Manuela Júdice : Au Portugal, nous allons organiser deux expositions O Esplendor de Gérard Fromanger (l’artiste est décédé en juin 2021) au Centre Culturel de Belém et l’Autoportrait de Nicolas Poussin au Museu Nacional de Arte Antiga à Lisbonne. Il y aura aussi la présentation d’une sélection de la collection Antoine de Galbert au Museu de Arte, Arquitectura e Tecnología (MAAT) de Lisbonne En France, nous aurons L’Arbre de Vie de la sculptrice Joana Vasconcelos à la Sainte-Chapelle de Vincennes et L’Âge d’or de la Renaissance portugaise au Louvre. Deux forums auront également lieu au mois de mars 2022, un sur les océans et un autre sur la parité. Il y aura des événements à Lisbonne, mais aussi à Porto, Coimbra, Guimarāes... En France, nous irons à Paris et également à Lyon, à Clermont-Ferrand et à Marseille.
Victoire Bidegain di Rosa : À Tours par exemple, il y aura une grande exposition de femmes artistes portugaises, à la Villa Tamaris à Hyères un panorama de la jeune photographie portugaise et une grande exposition de l’artiste photographe Manuela Marques au domaine de Kerguehennec en Bretagne.
Manuela Júdice : Nous avons déjà plus d’une centaine de projets approuvés. La difficulté, ce sera d’être partout !
Comment la programmation s’articulera-t-elle entre les deux pays, sur deux territoires différents ? Comment les œuvres et les artistes vont-ils dialoguer, notamment en cette période encore mouvementée ?
Manuela Júdice : Le dialogue a déjà commencé ! Les artistes s’invitent les uns chez les autres. Il y a également des résidences… Nous aurons des programmes entièrement croisés, comme la présentation du festival portugais d’art urbain Iminente à Marseille ou encore l’invitation du festival de textiles FITE de Lyon au festival Contextile de Guimarães.
Victoire Bidegain di Rosa : La Saison s’est construite dans une période exceptionnelle, pendant laquelle tous les acteurs culturels ou scientifiques de nos deux pays ont été très affectés, les calendriers chamboulés.

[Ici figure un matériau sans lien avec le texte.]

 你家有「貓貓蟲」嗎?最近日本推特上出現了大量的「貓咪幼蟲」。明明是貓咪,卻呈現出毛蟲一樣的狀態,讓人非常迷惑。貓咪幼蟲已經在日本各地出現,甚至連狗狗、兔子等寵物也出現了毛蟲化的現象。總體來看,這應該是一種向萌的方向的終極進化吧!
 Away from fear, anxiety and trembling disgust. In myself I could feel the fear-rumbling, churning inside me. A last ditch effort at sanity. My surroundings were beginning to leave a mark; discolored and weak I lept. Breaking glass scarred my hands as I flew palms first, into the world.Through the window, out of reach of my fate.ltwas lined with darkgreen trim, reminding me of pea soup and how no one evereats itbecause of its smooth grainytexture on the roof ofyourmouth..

Mais, même au pire de la crise, les artistes, les scientifiques, les villes, les théâtres, les bibliothèques, les professeurs, n’ont jamais cessé de préparer des projets, de recommencer à zéro, de dialoguer coûte que coûte avec leurs partenaires, de préparer l’après avec l’espoir que la Saison permette des retrouvailles.

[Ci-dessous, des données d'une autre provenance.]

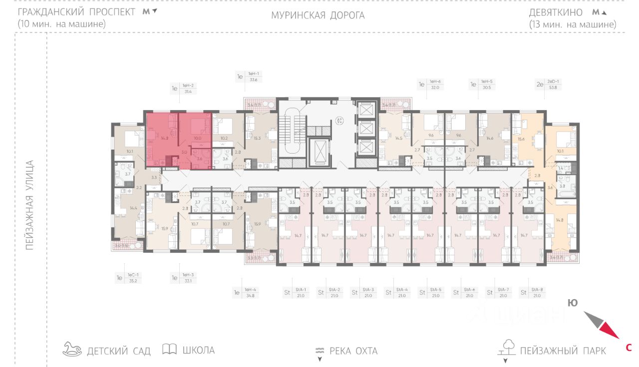 • 20 минут на авто до станций "Гражданский проспект" и "Академическая";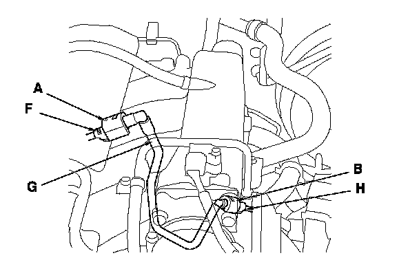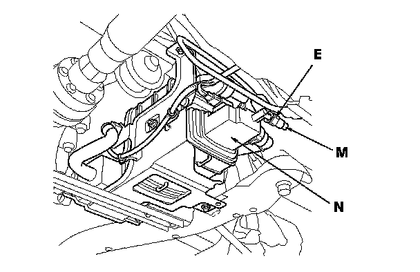 The fuel tube/quick-connect fittings (A), (B), (C), (D), (E) connect the fuel rail (F) to the fuel feed hose (G), the fuel feed hose to the fuel line (H), the fuel line (I) to the fuel feed hose (J), the fuel feed hose (K) to the fuel tank unit (L), and the fuel vapor line (M) to the EVAP canister (N). When removing or installing the fuel feed hose, the fuel tank unit or the fuel tank, you need to disconnect or connect the quick-connect fittings.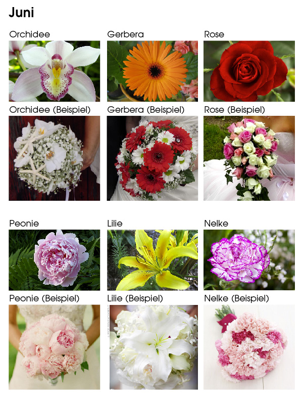 Juni: Orchidee Gerbera Rosen Peonie Lilie Nelke |

Décidée en juillet 2018 par le Président de la République française et le Premier ministre portugais, M. António Costa, lors de la visite officielle de M. Emmanuel Macron à Lisbonne, la Saison France-Portugal se tiendra simultanément dans les deux pays entre mi-février et octobre 2022.
La mise en œuvre de la Saison France-Portugal a été confiée, pour la partie française, à l’Institut français, opérateur du ministère de l’Europe et des Affaires étrangères et du ministère de la Culture pour la politique culturelle extérieure de la France.
La Saison France-Portugal s'inscrit dans la continuité des présidences portugaise et française de l’Union européenne.